Saturday, October 11, 2008

The Difference Between IN, EXISTS and JOIN

JOIN, IN and EXISTS can all be use to check for any parent-child table relationship. However, it's a common misconception that these three behave the same way. I found out (the hard way) that it's not always the case, specially, if the NOT operator is used to check for orphan records or broken links.

Consider this sample table:
set nocount on

create table Authors
(AuthorID int, AuthorName varchar(30), AuthorCity varchar(15))

create table Books
(aid int, BookID int, BookTitle varchar(30), BookPrice money)

insert into Authors values (1, 'Jhon', 'San Francisco')
insert into Authors values (2, 'Paul', 'Los Angeles')
insert into Authors values (3, 'George', 'San Diego')
insert into Authors values (4, 'Ringo', 'Oakland')

insert into Books values (1, 1, 'Yesterday',5.00)
insert into Books values (1, 2, 'In My Life',7.50)
insert into Books values (1, 3, 'Hey Junde',4.45)
insert into Books values (2, 4, 'Fool On the Hill',NULL)
insert into Books values (2, 6, 'If I Fell',7.80)
insert into Books values (4, 7, 'Let It Be',NULL)
insert into Books values (4, 8, 'Till There Was You',0.00)
insert into Books values (2, 9, 'Yellow Submarine',34.65)
insert into Books values
(1, 10, 'I Should Have Known Better',65.33)


select * from Authors
select * from Books

AuthorID AuthorName AuthorCity
----------- ------------------------------ ---------------
1 Jhon San Francisco
2 Paul Los Angeles
3 George San Diego
4 Ringo Oakland

aid BookID BookTitle BookPrice
----------- ----------- ------------------------------ ---------------------
1 1 Yesterday 5.00
1 2 In My Life 7.50
1 3 Hey Junde 4.45
2 4 Fool On the Hill NULL
2 6 If I Fell 7.80
4 7 Let It Be NULL
4 8 Till There Was You 0.00
2 9 Yellow Submarine 34.65
1 10 I Should Have Known Better 65.33
Here's how these three works in checking for existence of parent-child relationship.
select * 
from authors a
where exists (select aid from Books b where authorid = aid)

select *
from authors a
where authorid in (select aid from books)

select distinct a.*
from authors a
join books b on a.authorid = b.aid
where b.aid is not null
Here are the result sets:
AuthorID    AuthorName                     AuthorCity
----------- ------------------------------ ---------------
1 Jhon San Francisco
2 Paul Los Angeles
4 Ringo Oakland

AuthorID AuthorName AuthorCity
----------- ------------------------------ ---------------
1 Jhon San Francisco
2 Paul Los Angeles
4 Ringo Oakland

AuthorID AuthorName AuthorCity
----------- ------------------------------ ---------------
1 Jhon San Francisco
2 Paul Los Angeles
4 Ringo Oakland
In the case of JOIN, I have to use DISTINCT to avoid returning duplicate rows. So far these queries are behaving the way I expected them to be.

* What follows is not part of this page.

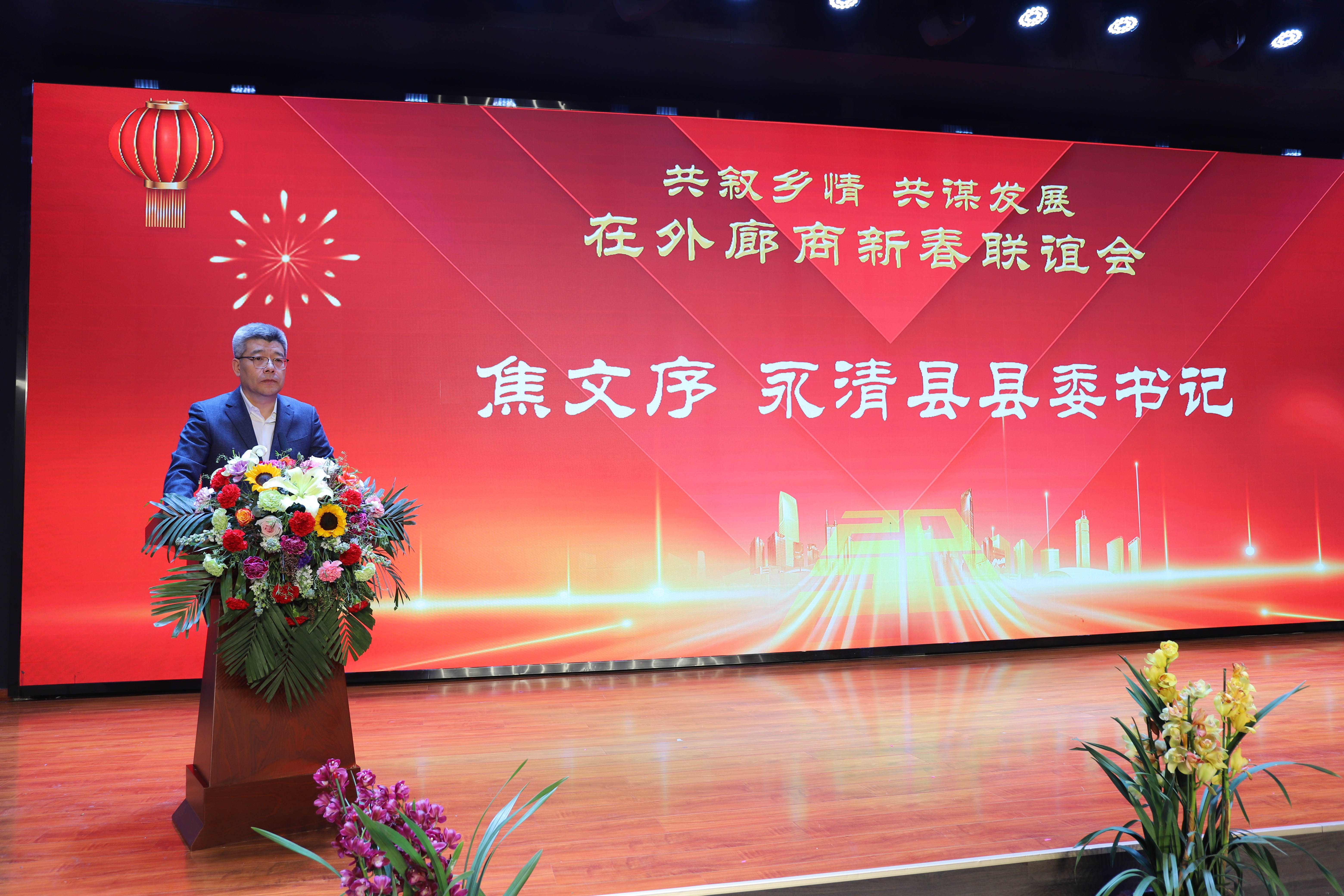 本次聯誼會(huì)由廊坊市工商聯常務副主席魏建自土主持。首先,永清縣委書記焦文序緻辭,并向(xiàng)與會(資火huì)嘉賓介紹永清發(fā)展情況。

Now I'll try and find parent records with no child using the NOT operator.
select * 
from authors a
where not exists (select aid from Books b where authorid = aid)

select *
from authors a
where authorid not in (select aid from books)

select distinct a.*
from authors a
left join books b on a.authorid = b.aid
where b.aid is null
Here are the result sets:
AuthorID    AuthorName                     AuthorCity
----------- ------------------------------ ---------------
3 George San Diego

AuthorID AuthorName AuthorCity
----------- ------------------------------ ---------------
3 George San Diego

AuthorID AuthorName AuthorCity
----------- ------------------------------ ---------------
3 George San Diego
The queries returned the expected results. Now, see what happen if I have a row with AuthorID = NULL on the parent table.

First I'll insert the dummy record.
insert into Authors values (NULL, 'Dummy', 'Daly City')

select * from Authors

AuthorID AuthorName AuthorCity
----------- ------------------------------ ---------------
1 Jhon San Francisco
2 Paul Los Angeles
3 George San Diego
4 Ringo Oakland
NULL Dummy Daly City
Running the queries again:
select * 
from authors a
where not exists (select aid from Books b where authorid = aid)

select *
from authors a
where authorid not in (select aid from books)

select distinct a.*
from authors a
left join books b on a.authorid = b.aid
where b.aid is null
Here are the result sets:
AuthorID    AuthorName                     AuthorCity
----------- ------------------------------ ---------------
3 George San Diego
NULL Dummy Daly City

AuthorID AuthorName AuthorCity
----------- ------------------------------ ---------------
3 George San Diego

AuthorID AuthorName AuthorCity
----------- ------------------------------ ---------------
NULL Dummy Daly City
3 George San Diego
Notice that IN did not return the expected result. It excluded the NULL on the parent table. To include that record, I actually have to add an OR condition.
select *
from authors a
where authorid not in (select aid from books)
or authorid is null


AuthorID AuthorName AuthorCity
----------- ------------------------------ ---------------
3 George San Diego
NULL Dummy Daly City
Now what if I don't have a row with AuthorID = NULL on the parent table, but instead it's on the child table.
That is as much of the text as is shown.